Task directions:
Please set out each line below exactly as it stands, without the images.

Data block:
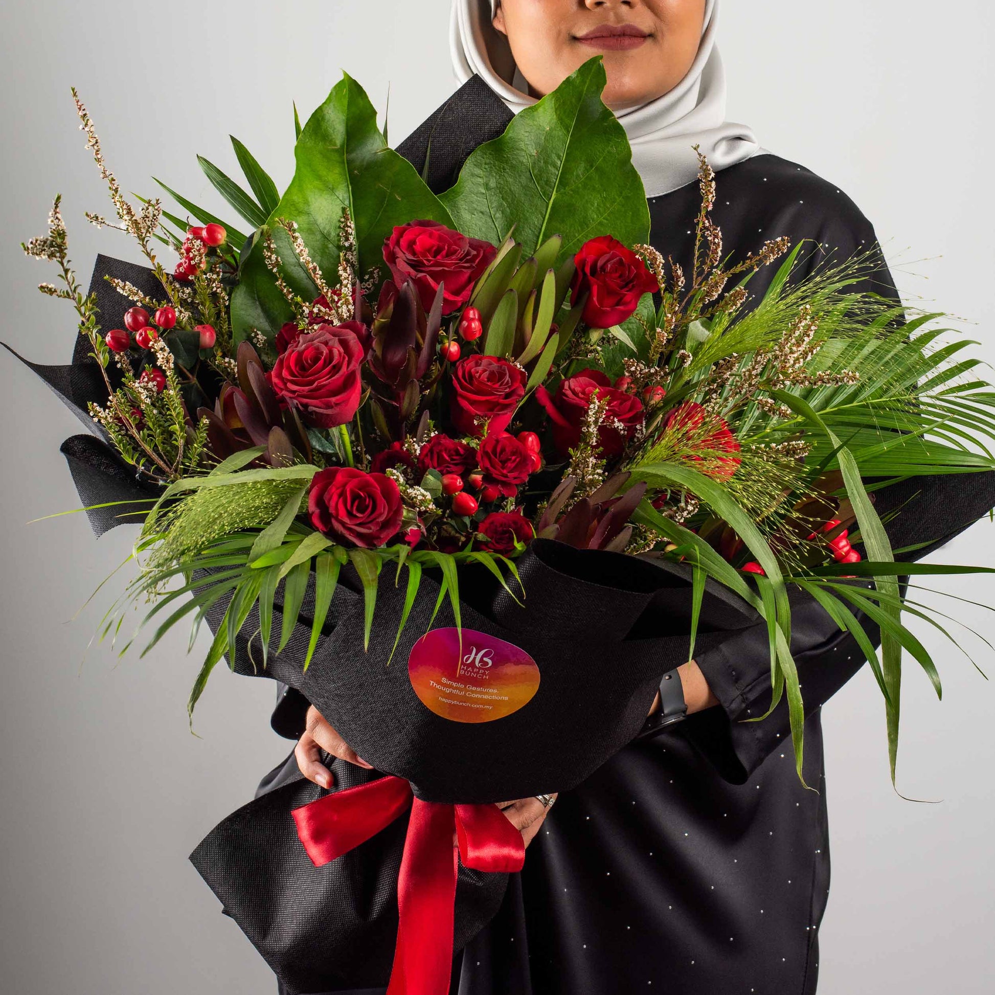 Experience the grandeur of our Majestic Bunch, a luxurious arrangement featuring leucadendron, roses, spray roses, Erica Snow Plum, and more. With its velvety appearance and striking red tones, this bouquet exudes regal elegance, perfect for making a statement at any special occasion.
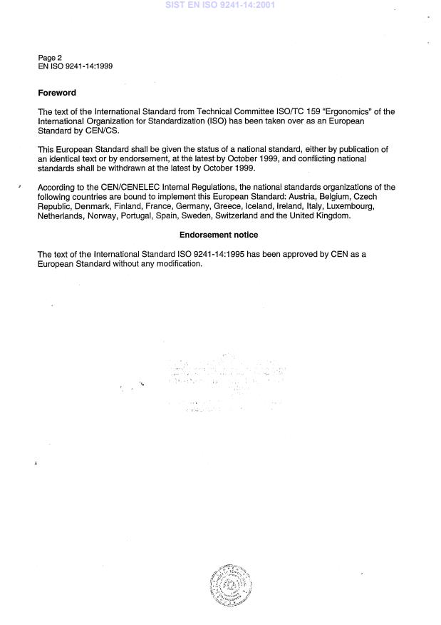 EN ISO 9241-14:1999 is a standard published by the European Committee for Standardization (CEN). Its full title is "Ergonomic requirements for office work with visual display terminals (VDTs) - Part 14: Menu dialogues (ISO 9241-14:1995)". This standard covers: Migrated from Progress Sheet (TC Comment) (2000-07-10): Following BT 125/1992, this part of ISO 9241 will undergo a parallel CEN/ISO ++ voting procedure.
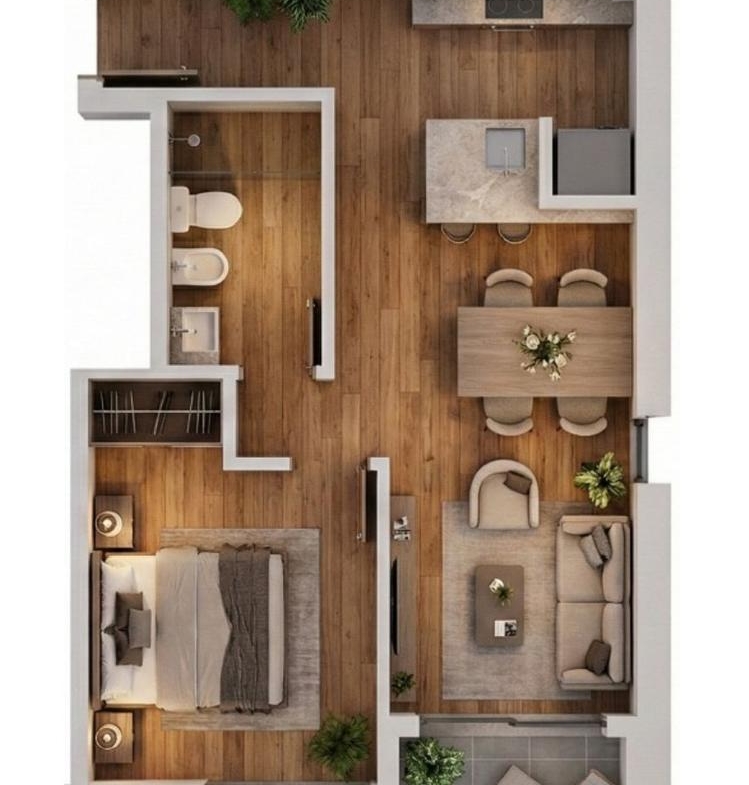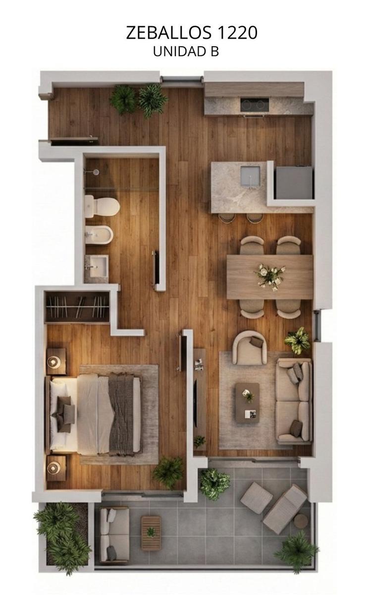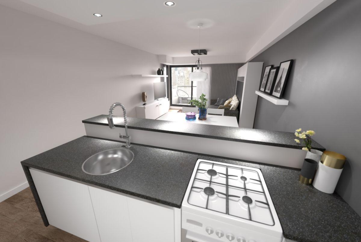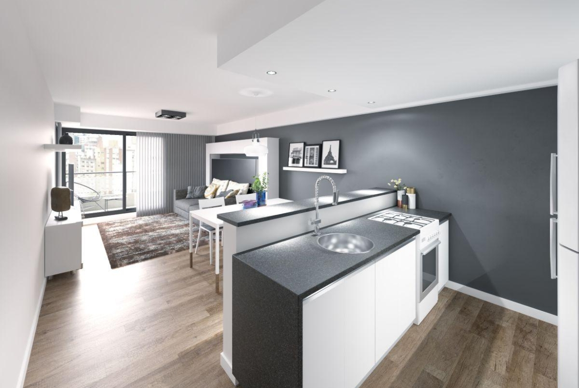 Departamentos semipiso de 1 dormitorio al frente de 44 m2. 37 m2 y 7 m2 de balcón corrido. Ingreso a living comedor con salida al balcón. Cocina equipada semiseparada por barra desayunadora. Un dormitorio con placard y salida al balcón. Un baño completo.

Result:
 Experience the grandeur of our Majestic Bunch, a luxurious arrangement featuring leucadendron, roses, spray roses, Erica Snow Plum, and more. With its velvety appearance and striking red tones, this bouquet exudes regal elegance, perfect for making a statement at any special occasion.
 EN ISO 9241-14:1999 is a standard published by the European Committee for Standardization (CEN). Its full title is "Ergonomic requirements for office work with visual display terminals (VDTs) - Part 14: Menu dialogues (ISO 9241-14:1995)". This standard covers: Migrated from Progress Sheet (TC Comment) (2000-07-10): Following BT 125/1992, this part of ISO 9241 will undergo a parallel CEN/ISO ++ voting procedure.
 Departamentos semipiso de 1 dormitorio al frente de 44 m2. 37 m2 y 7 m2 de balcón corrido. Ingreso a living comedor con salida al balcón. Cocina equipada semiseparada por barra desayunadora. Un dormitorio con placard y salida al balcón. Un baño completo.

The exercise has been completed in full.